Юрий же Кудинов, по всей видимости, изначально воспринимал своего персонажа именно как святого. И потому попытался наполнить этот образ живой человеческой болью. Нельзя сыграть святость, не имея о ней хоть малейшего представления. В противном случае получаются фальшивые суррогаты вроде Сергея Безрукова в роли Иешуа, при взгляде на которые не испытываешь ничего, кроме щемящей неловкости. Кудинову удалось пройти по лезвию ножа, избежав карикатурной ходульности, неуместной сусальности и фальшивого юродства. Антоний кажется героям сумасшедшим. Они не подозревают, что сами давно сошли с ума, очерствев и изломавшись душой настолько, что любое проявление сердечной простоты воспринимается ими как неслыханная крамола. Герои судят об Антонии сообразно собственному внутреннему устроению. На протяжении всего спектакля они пытаются раскусить странного бродягу, принимая его то за бомжа, то за шулера, то за надоедливого умалишенного. Средства по его «обузданию» предпринимаются соответствующие: его пытаются выгнать вон, уговорить, подкупить, а когда не получается, начинают просто бить, после чего сдают в…полицию. Причем делают это с каким-то иррациональным азартом и злостью. Трудно сказать, заслуга ли это режиссера или самого Юрия Кудинова, но смотреть на эти моменты без содрогания невозможно. И лишь простодушная служанка (Елена Блохина) остается верной Антонию до конца.

В спектакле действительно есть психологические и сценические нестыковки. Совершенно непонятен образ священника (Владимир Аукштыкальнис), который сначала, как и все, не узнает Антония, и лишь когда чудо воскрешения произошло, хватается за голову и многозначительно отворачивается лицом к стене. Наивный зритель мог бы подумать, что героя постигло глубочайшее раскаяние. Но ничуть не бывало: уже через пять минут страданий герой вновь начинает предательски щекотать Антония, напрочь забыв о недавнем просветлении. Зато племянники тетушки в исполнении Андрея Седова и Григория Алексеева вполне последовательны в своей быдловатой непробиваемости.

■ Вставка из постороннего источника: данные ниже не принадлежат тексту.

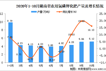 中商情报网讯:据中商产业研究院数据库显示,2020年10月湖南省农用氮磷钾化肥产量为5.12万吨,同比增长16.1%。 数据来源:中商产业研究院数据库 2020年10月湖南省农用氮...【详情】
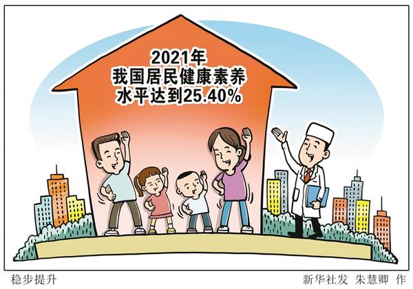 记者6月8日从国家卫生健康委获悉,2021年我国居民健康素养水平达到25.40%,比2020年提高2.25个百分点,继续呈现稳步提升态势。新华社发 朱慧卿 作
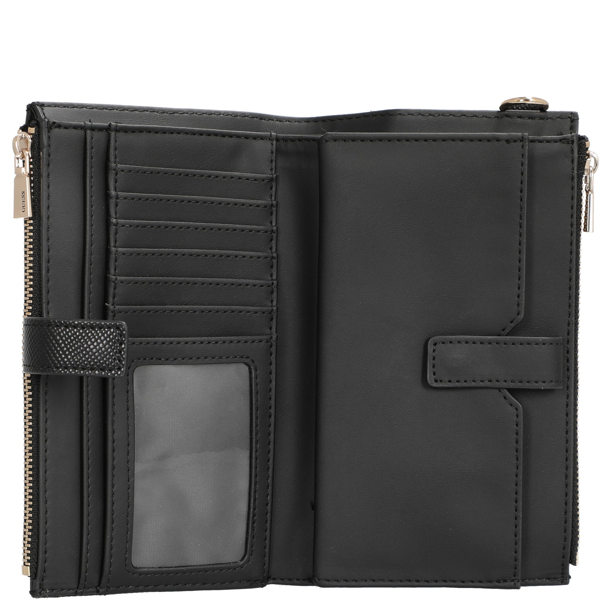 Diese schwarze Geldbörse von GUESS ist die perfekte Wahl für alle, die Wert auf elegantes Design und praktische Details legen.

Не очень тщательно продуман визуально-звуковой ряд. Не все поняли, о чем и к чему был танец мертвой, а точнее воскресшей тети, которую режиссер сильно омолодил. Может, она была настолько потрясена своим потусторонним вояжем, что не могла говорить, а лишь экспрессивно двигалась? Было в ее танце что-то инфернальное, как и в гриме, делающем почившую в бозе буржуазную даму похожей на Панночку из гоголевского «Вия». С одной стороны, рассказанная Метерлинком легенда перекликается с евангельской историей о воскрешении праведного Лазаря. Такое сопоставление очень хорошо объясняет корни злости персонажей, которые выходят далеко за пределы финансовой меркантильности. В противном случае получилась бы банальщина, которую Метерлинку даже не стоило писать, а Халилуллину – ставить. Когда Спаситель совершил самое невероятное из своих многочисленных чудес – воскресил Лазаря, иудеи не только не сказали Ему спасибо, но пошли к начальникам и «с этого дня положили убить Иисуса» (Ин. 11: 53). Так подтвердились слова Авраама: «Если Моисея и пророков не слушают, то если бы кто и из мертвых воскрес, не поверят» (Лк. 16: 31).

Но есть и противоречия. Христос воскрешает Лазаря потому, что он был праведным, чего совершенно не скажешь о героине Метерлинка. Когда она впервые открывает рот, вернувшись с того света, ждешь, что сейчас скажет нечто такое, от чего все вокруг обомлеют. Но вместо этого из ее уст вырывается гневная и совсем не одухотворенная тирада в адрес своего спасителя: «Кто пустил сюда этого нищего?!» Воскресив барыню, Антоний воскрешает и все то дурное, злое, что было в ней при жизни.

Никто из нас не достоин тех чудес, которые совершает с нами Господь. В этом смысле ирония Метерлинка вполне понятна. Но Он никогда не совершает чудес автоматически, помимо нашей воли. Чудо, к которому мы не готовы, не только бесполезно, но и опасно, поскольку может ввести нас в такую бездну ненависти и противления, из которой мы, возможно, не найдем выхода. Возможно, не об этом писал Метерлинк свою пьесу, колеблющуюся между мистикой и социальной драмой. И не об этом ставил спектакль Ансар Халилуллин, но он таким получился благодаря Юрию Кудинову и Елене Блохиной. Такое иногда случается – режиссеру удается сказать нечто большее, чем планировалось изначально. Вообще Халилуллин сильно рисковал, берясь за такую сложную тему. Уже за одно это его не стоило так радикально ругать.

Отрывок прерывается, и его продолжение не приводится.